• _Data records_:
▼▼▼

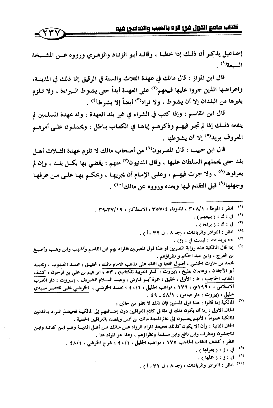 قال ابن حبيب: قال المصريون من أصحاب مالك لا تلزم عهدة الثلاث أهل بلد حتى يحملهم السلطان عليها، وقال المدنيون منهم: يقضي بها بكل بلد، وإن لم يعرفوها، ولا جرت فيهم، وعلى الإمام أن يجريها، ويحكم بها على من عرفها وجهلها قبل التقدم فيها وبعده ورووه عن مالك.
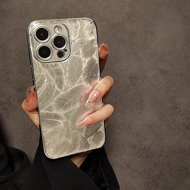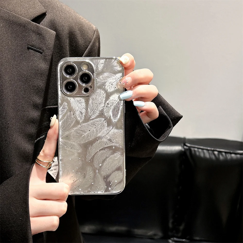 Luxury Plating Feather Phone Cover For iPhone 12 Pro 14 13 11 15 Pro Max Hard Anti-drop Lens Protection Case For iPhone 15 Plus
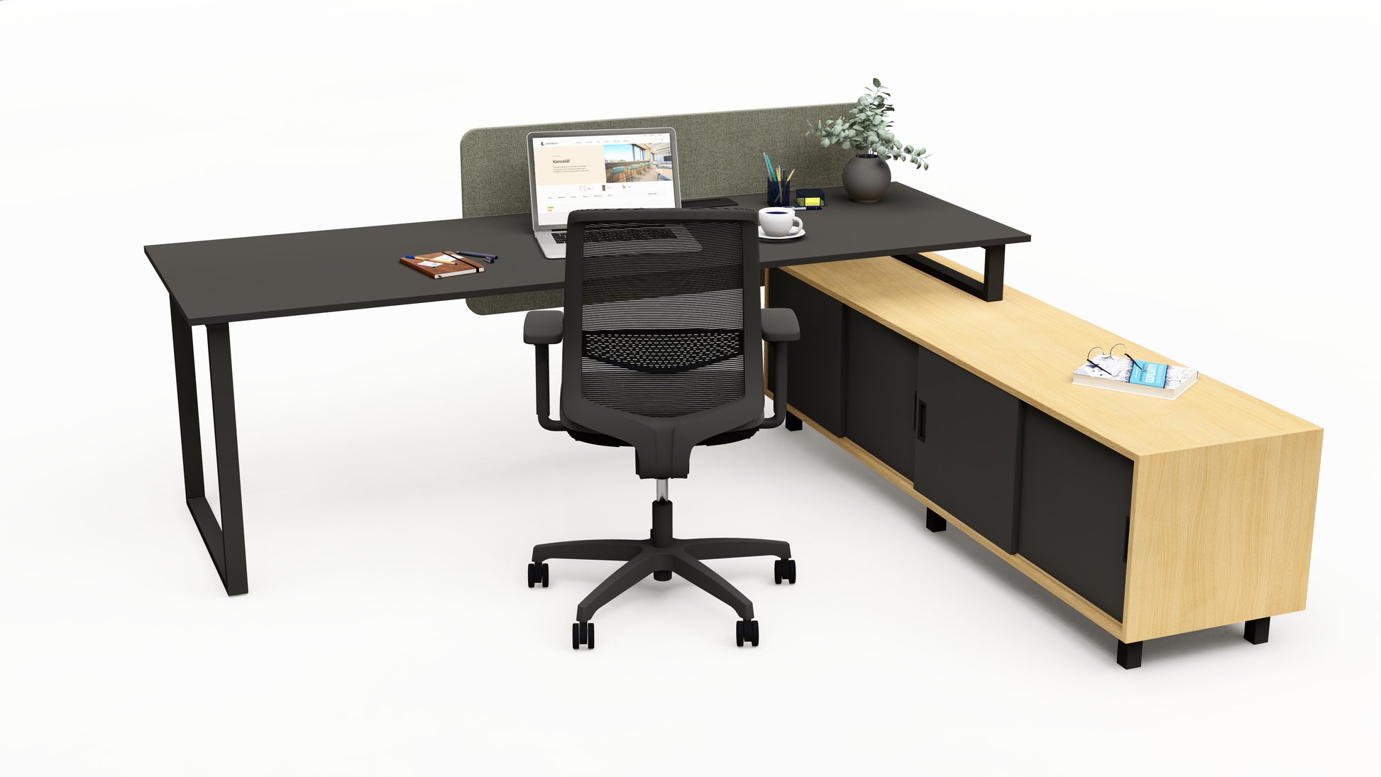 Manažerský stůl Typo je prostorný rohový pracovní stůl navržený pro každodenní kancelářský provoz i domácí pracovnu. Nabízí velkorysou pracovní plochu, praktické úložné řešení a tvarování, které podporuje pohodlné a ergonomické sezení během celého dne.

▲▲▲
▼▼▼

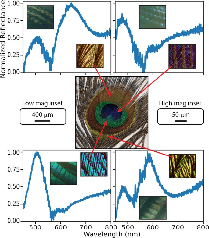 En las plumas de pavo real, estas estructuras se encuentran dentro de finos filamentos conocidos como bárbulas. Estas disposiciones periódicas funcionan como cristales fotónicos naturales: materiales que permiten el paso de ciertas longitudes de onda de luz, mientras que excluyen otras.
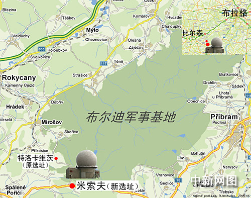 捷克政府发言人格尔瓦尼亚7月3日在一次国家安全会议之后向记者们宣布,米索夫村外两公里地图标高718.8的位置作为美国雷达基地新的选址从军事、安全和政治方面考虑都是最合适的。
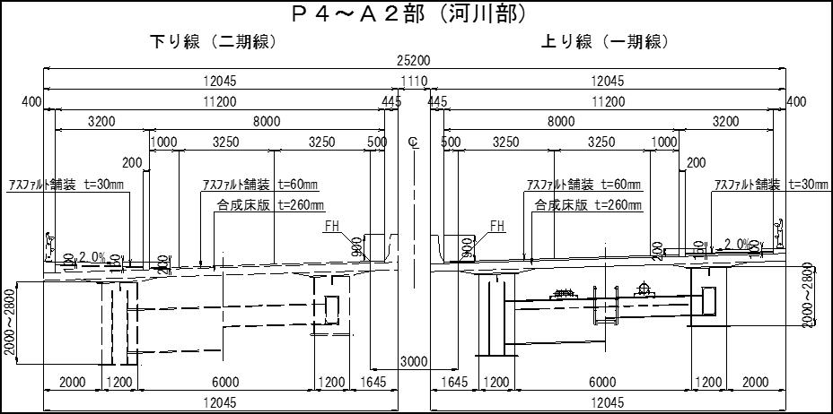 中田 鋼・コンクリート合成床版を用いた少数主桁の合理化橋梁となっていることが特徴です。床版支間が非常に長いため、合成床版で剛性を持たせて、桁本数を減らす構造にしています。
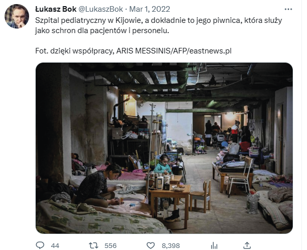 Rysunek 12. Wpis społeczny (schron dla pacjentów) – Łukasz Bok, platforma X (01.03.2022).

▲▲▲
▼▼▼

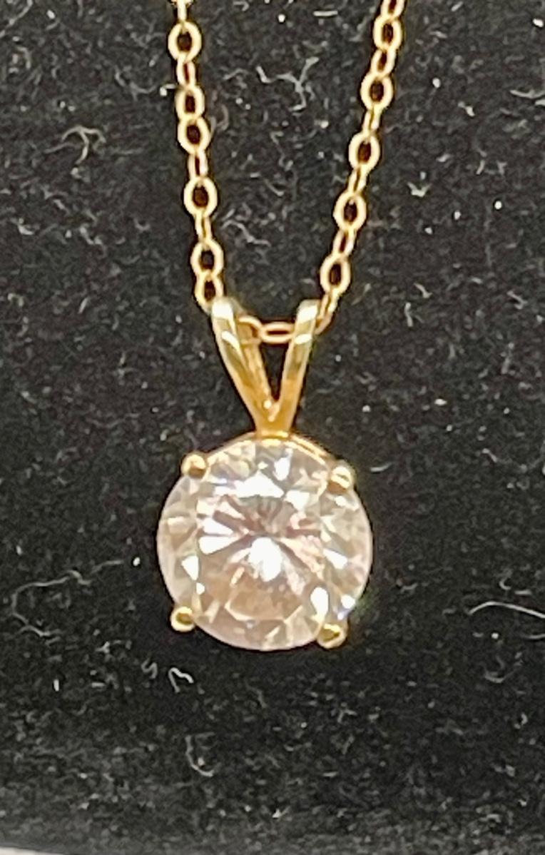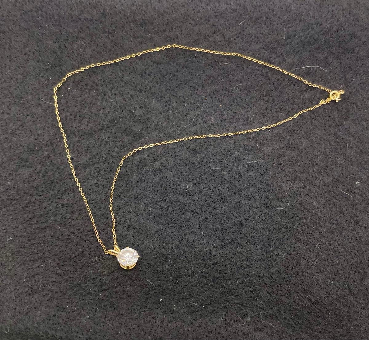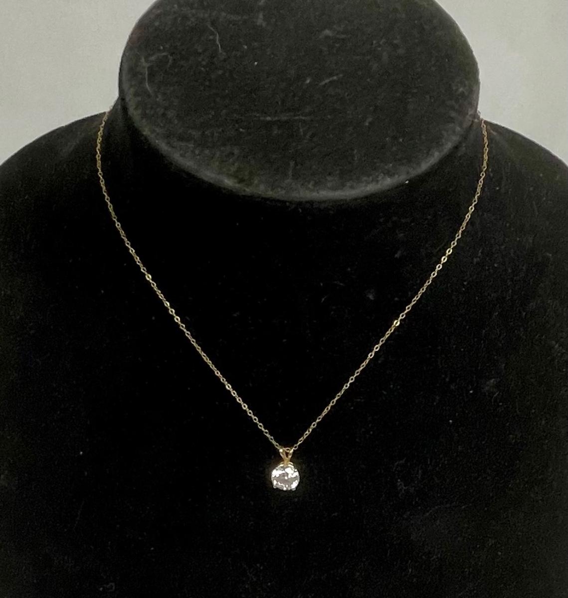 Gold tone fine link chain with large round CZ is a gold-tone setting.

▲▲▲

In the listing above, find the line with "中田 鋼・コンクリート合成床" and the line with "Rysunek 12. Wpis". Copy both of them and every line between, exactly, but not the pictures.

 中田 鋼・コンクリート合成床版を用いた少数主桁の合理化橋梁となっていることが特徴です。床版支間が非常に長いため、合成床版で剛性を持たせて、桁本数を減らす構造にしています。
 Rysunek 12. Wpis społeczny (schron dla pacjentów) – Łukasz Bok, platforma X (01.03.2022).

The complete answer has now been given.